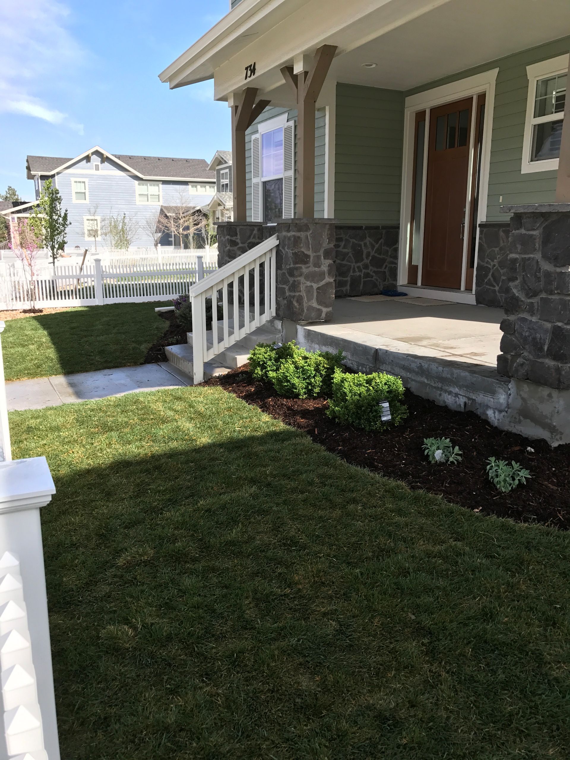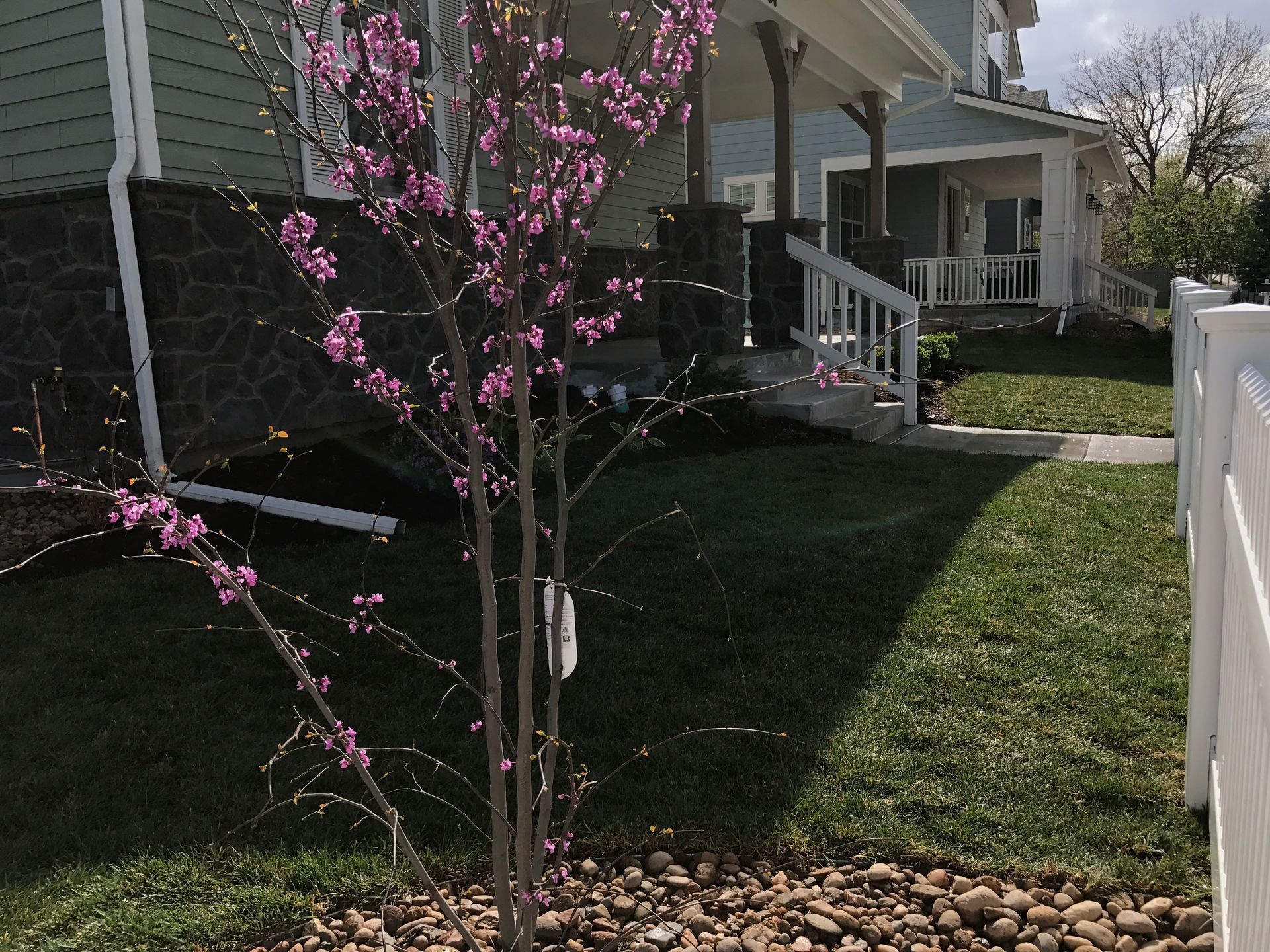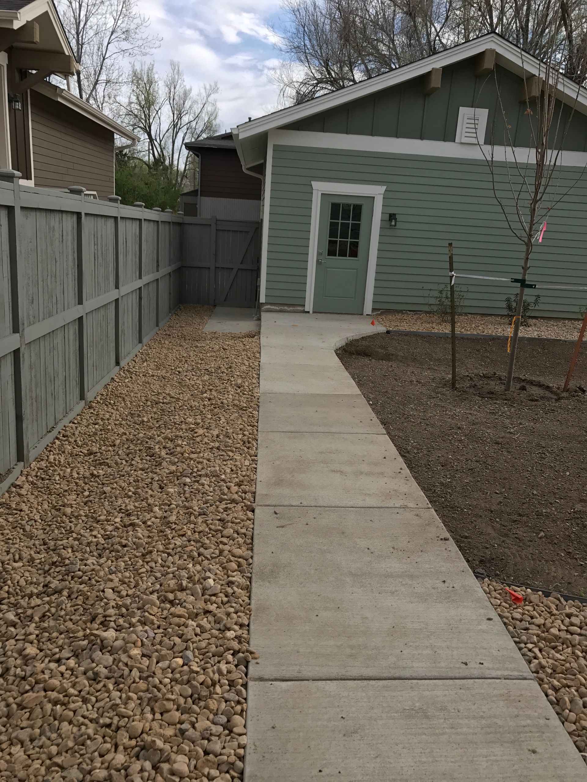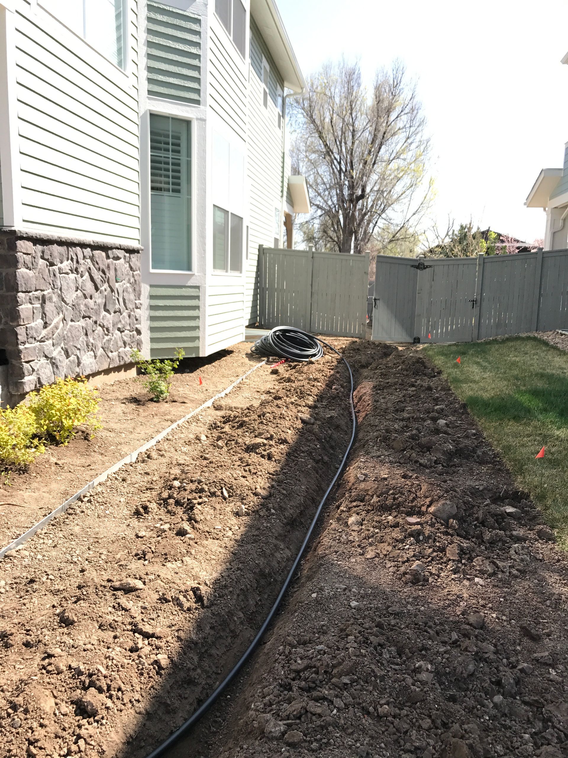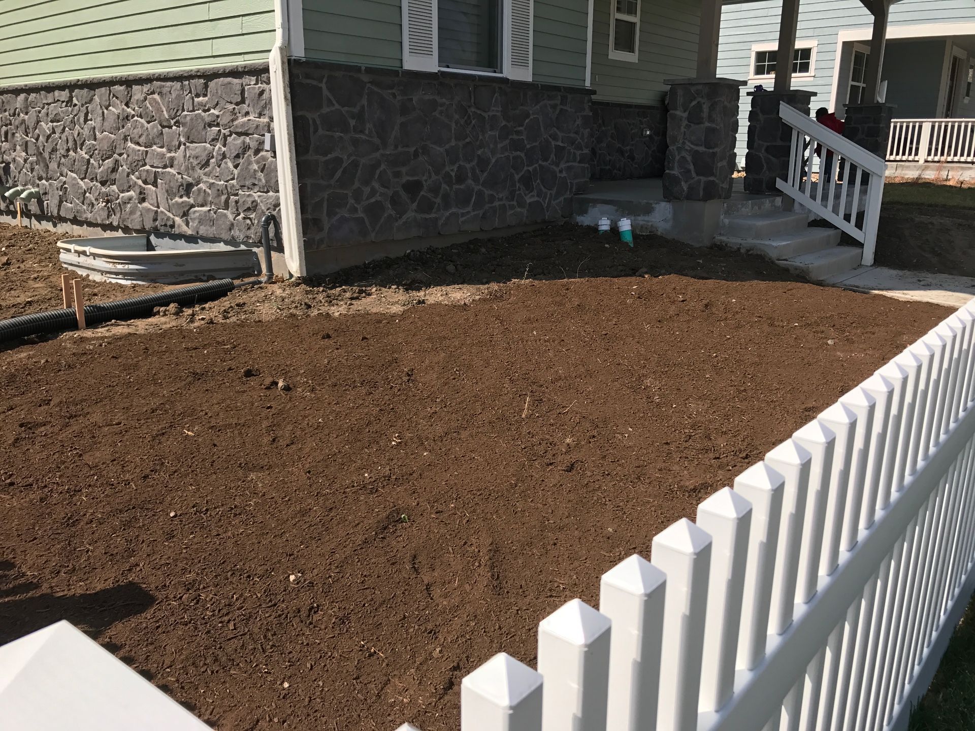 Full landscape remodel with decorative rock, plantings, sprinklers and grass. Lafayette, CO 2019
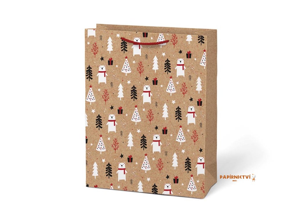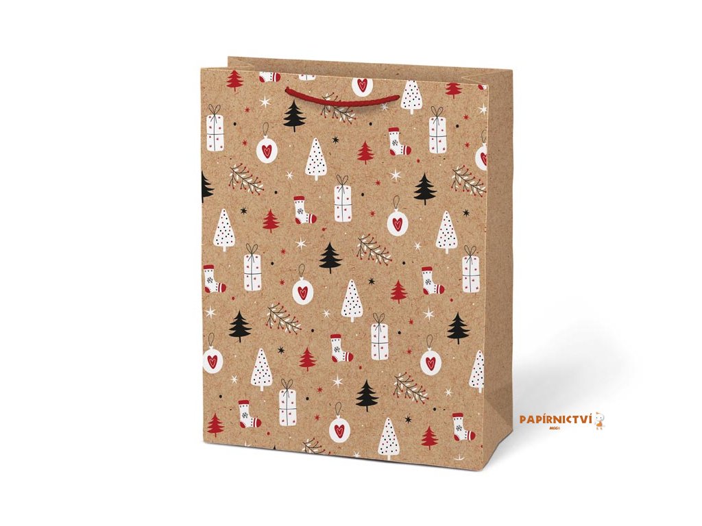 Vánoční dárková taška L LUX KRAFT z pevného kraftového papíru s potiskem. Je ideální na předání dárků, a velkým pomocníkem když je těžké dárek zabalit do dárkového balicího papíru. Taška má pletená textilní ucha.Barva: hnědá/přírodní
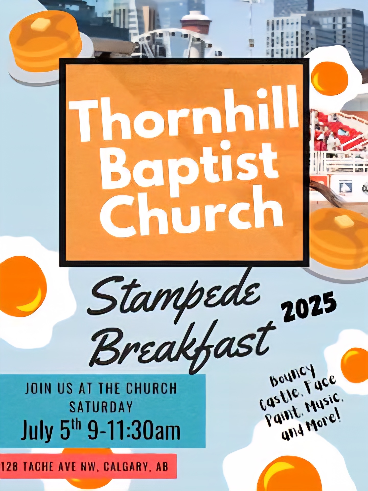 128 Tache Ave NW 128 Tache Ave NW, Calgary, Alberta, CanadaThornhill Baptist Church would like to invite you to join us for FREE Stampede Breakfast on July 5th from 9-11am. Everyone is Welcome 128 Tache Ave NW

TASK OBJECTIVE:
No picture belongs in the copy; return the rest of the listing exactly.

YOUR RESPONSE:
 Full landscape remodel with decorative rock, plantings, sprinklers and grass. Lafayette, CO 2019
 Vánoční dárková taška L LUX KRAFT z pevného kraftového papíru s potiskem. Je ideální na předání dárků, a velkým pomocníkem když je těžké dárek zabalit do dárkového balicího papíru. Taška má pletená textilní ucha.Barva: hnědá/přírodní
 128 Tache Ave NW 128 Tache Ave NW, Calgary, Alberta, CanadaThornhill Baptist Church would like to invite you to join us for FREE Stampede Breakfast on July 5th from 9-11am. Everyone is Welcome 128 Tache Ave NW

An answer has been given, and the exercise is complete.